• Faithful to my Homeland, the Republic of Poland



  • 9 May 2019

    The event brought together over 1,000 guests at Ambassador Piotr Wilczek’s Residence. In his remarks Ambassador Wilczek emphasized how together with this year’s anniversaries we celebrate “friendships and historic milestones that illustrate the unique connection between Poland and the United States.”

    Ambassador Wilczek reminded how, along with the 228th anniversary of the adoption of Poland’s May 3rd Constitution and the 100th anniversary of establishing official diplomatic relations between the United States and reborn Poland, we also observe thirty years since the elections that began Poland’s political transformation, twenty years since Poland’s accession to NATO and fifteen years since Poland joined the European Union.


    The event’s honorary guest was Republican Senator from Wisconsin Ron Johnson, Chairman of the Homeland Security and Governmental Affairs Committee and the Subcommittee on European and Regional Security Cooperation, part of the Senate Foreign Relations Committee. Senator Johnson connected his remarks to Ambassador Wilczek’s speech, calling attention to the common values – freedom, human dignity, democracy – which guided both the authors of the US Constitution and the Polish May 3rd Constitution.


    “The ocean separated the United States from European powers. Poland didn’t have this luck, which it why it lost its sovereignty, it lost its freedom – but Poles never lost their spirit,” Senator Johnson emphasized. He expressed his admiration for what Poland has achieved since the fall of communism: “Out of all the countries of Central-Eastern Europe that I’ve worked with, I think that Poland has achieved the greatest success (…) Thank you for your devotion and courage, since they played a pivotal role in opening up freedom for the rest of Eastern Europe and will play a role in opening up freedom for other people around the world.”


    During Tuesday’s event Ambassador Wilczek presented high state distinctions to ten Americans who aided Poland’s process of transition from communism and have promoted Polish-American relations: Jonas Martin Frost III, Mary Nell Bryant, William H. Robinson, Oscar Swan, Jeri Ann Thomson, Kristi E. Walseth, Nancy A. Davenport, Francis T. Miko, Walter J. Oleszek and Walter J. Stewart. Former State Department official Benjamin Schmitt was recognized with the Polish Ambassador’s Amicus Poloniae Award.

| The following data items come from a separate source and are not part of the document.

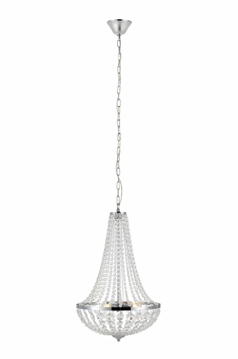 Klassiskt formgiven kristallkrona med maskinslipade, klara glasprismor som ger en fin spridning och lyxkänsla över matbordet! Godkänd för badrum. Takplugg ingår ej p.g.a. nya EU-regler. Den finns att köpa separat.
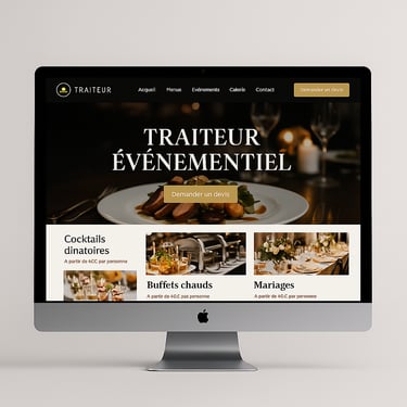 Un site élégant et complet pour présenter vos formules traiteur, vos tarifs, et permettre à vos clients de réserver ou demander un devis en ligne.
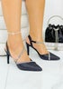 These stunning slingbacks feature dazzling rhinestone detailing across a sleek metallic base, reflecting light with every step you take.
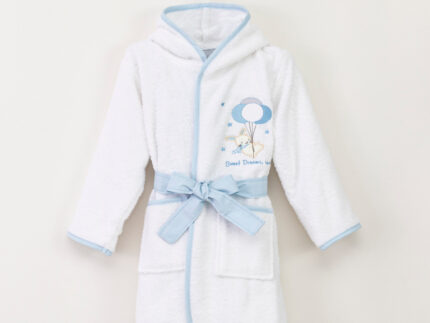 Μπουρνούζι Βρεφικό Sweet Dreams Baby Λευκό-Σιέλ (3-4) 100% Βαμβάκι Λευκό-Σιέλ BOREA
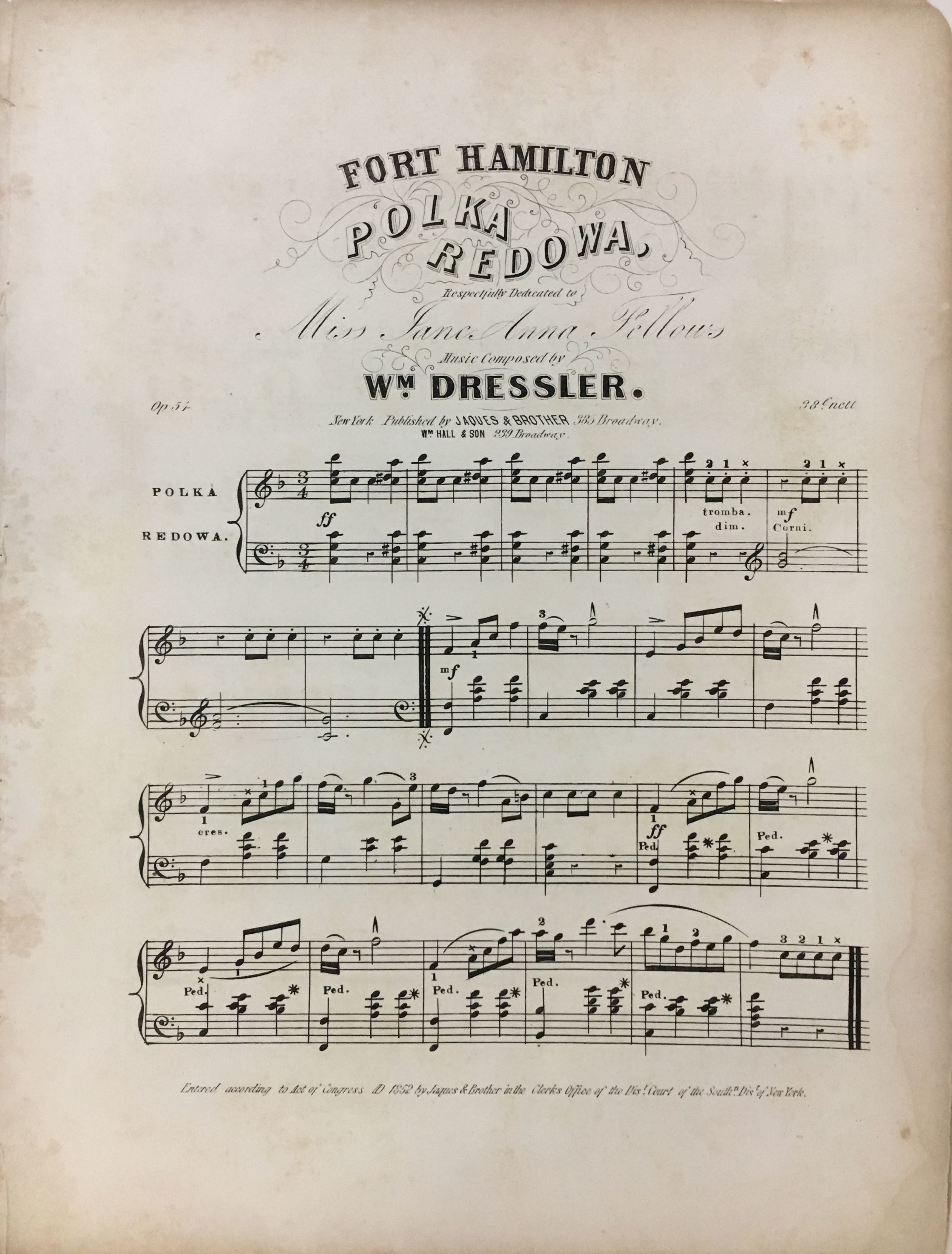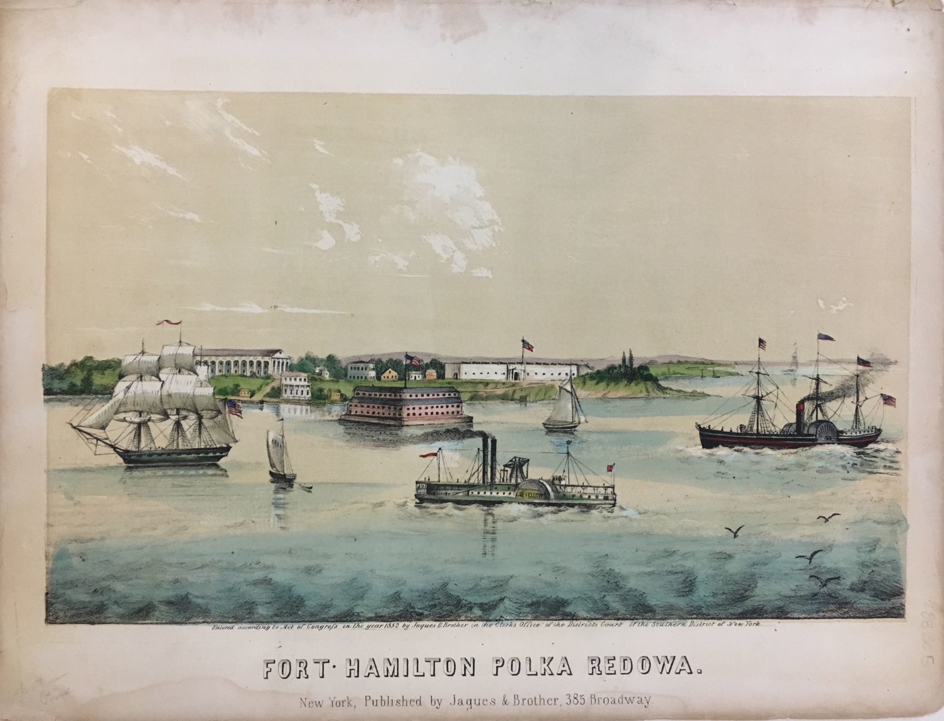Sheet music for solo piano, William Dressler's "Fort Hamilton Polka Redowa, Respectfully Dedicated to Miss Jane Anna Fellows". The image on the front cover shows two steamships, two small sailboats, and a three masted tall ship on the water in front to Fort Hamilton near Bay Ridge in Brooklyn.
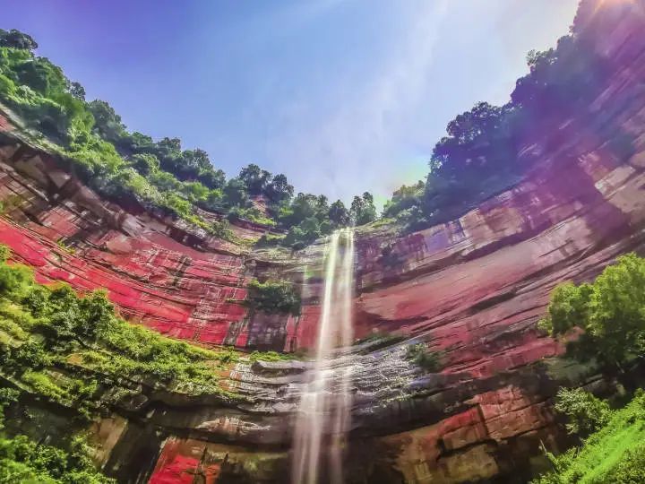 站在观景台,血红的岩壁与雪白的瀑水相互融合,赋予了赤壁灵动的活力,感受“丹霞绝壁,天下奇观”的璀璨震撼。
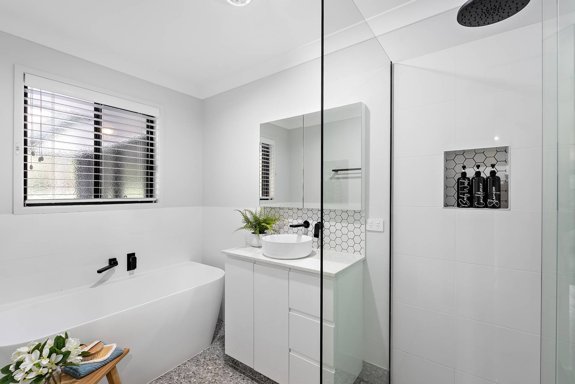 At one end of the house are four queen bedrooms, including a spacious master encompassing walk-in wardrobe and chic double-vanity ensuite, plus a stylish family bathroom with standalone tub.
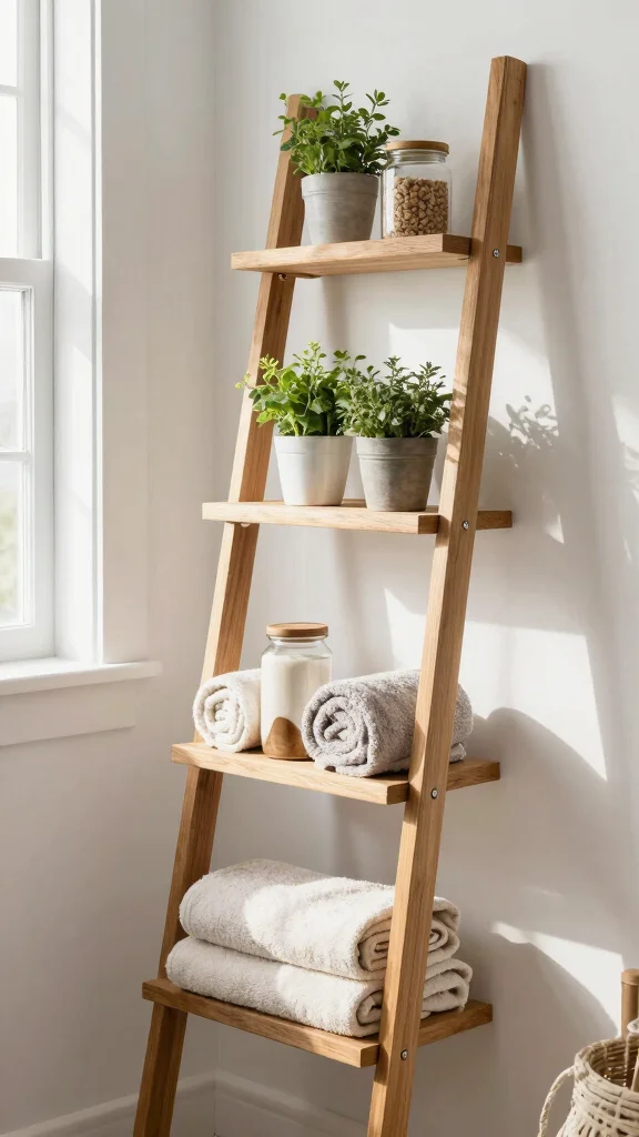 Enhance your ladder shelves by decorating them with matching storage baskets for a cohesive look. The top rung can be used to display plants or artwork, while the lower levels keep towels easily accessible.
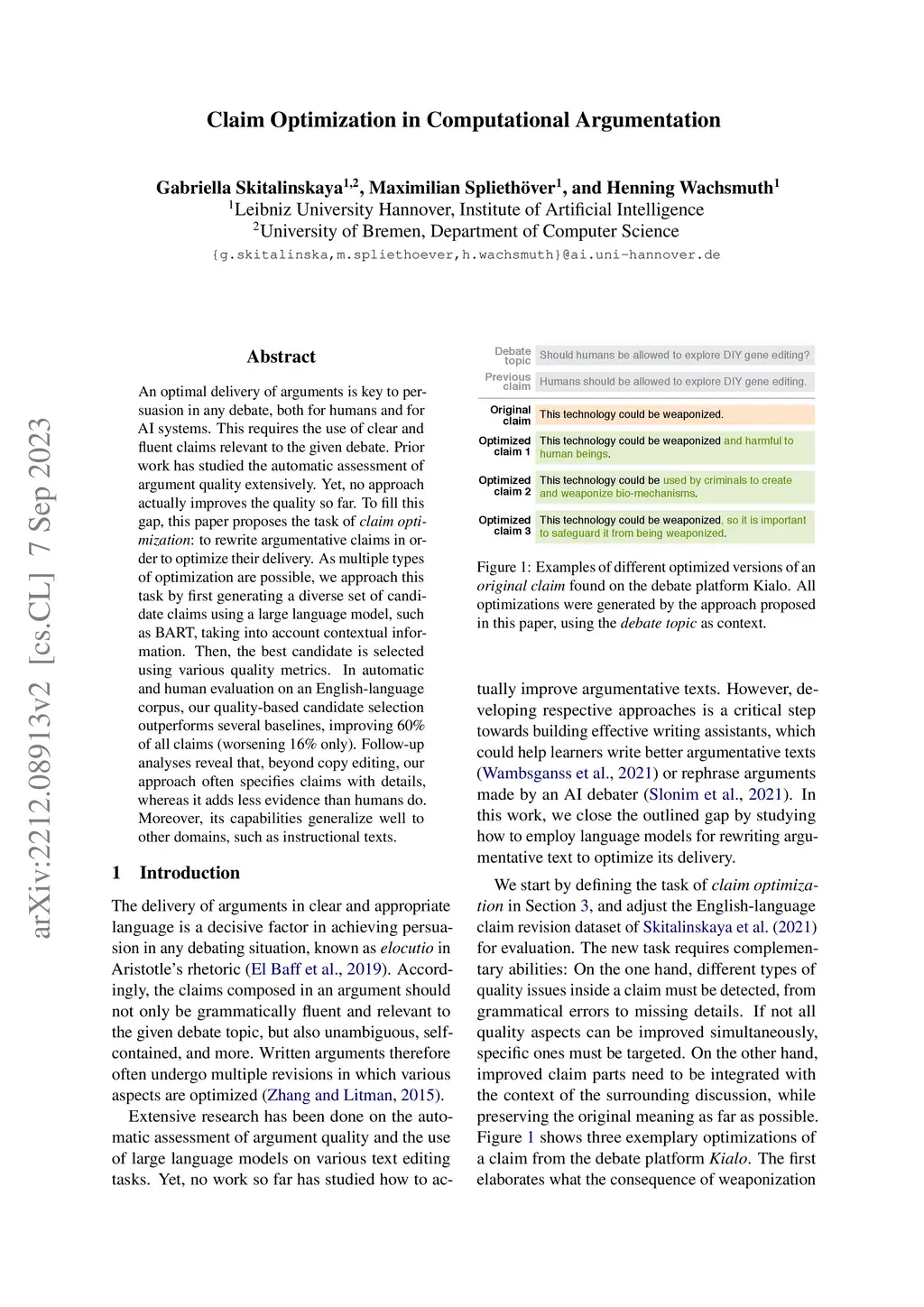 Claim Optimization in Computational Argumentation

    The celebration also included various artistic and educational elements. American soprano of Polish descent Laura Kafka-Price and Benjamin Schmitt, a former employee at the State Department, sang the Polish and US National Anthems with bravado. During the reception guests could also enjoy American and Polish jazz classics as well as jazz interpretations of popular Polish melodies performed by the Kuba Cichocki Trio, a Polish-American group based in New York City.


    Another addition was the exhibit Class of 1926 about the Polish Declarations of Admiration and Friendship for the United States, a gift from the Polish people to America on the 150th anniversary of its independence. The volumes of the Declarations were digitized thanks to the joint effort of the Polish Library in Washington and the Library of Congress, with the support of Poland’s Ministry of Foreign Affairs and individual donors. The exhibit was prepared by our Embassy.


    Representatives of the Polish government at the event included Tomasz Szatkowski, Undersecretary of State at Poland’s Ministry of Defense. Among the evening’s guests were members of the US government and Congress, diplomatic corps, prestigious Washington think tanks and cultural, scientific and media groups (both Polish and American), as well as students and leaders of the Polonia community.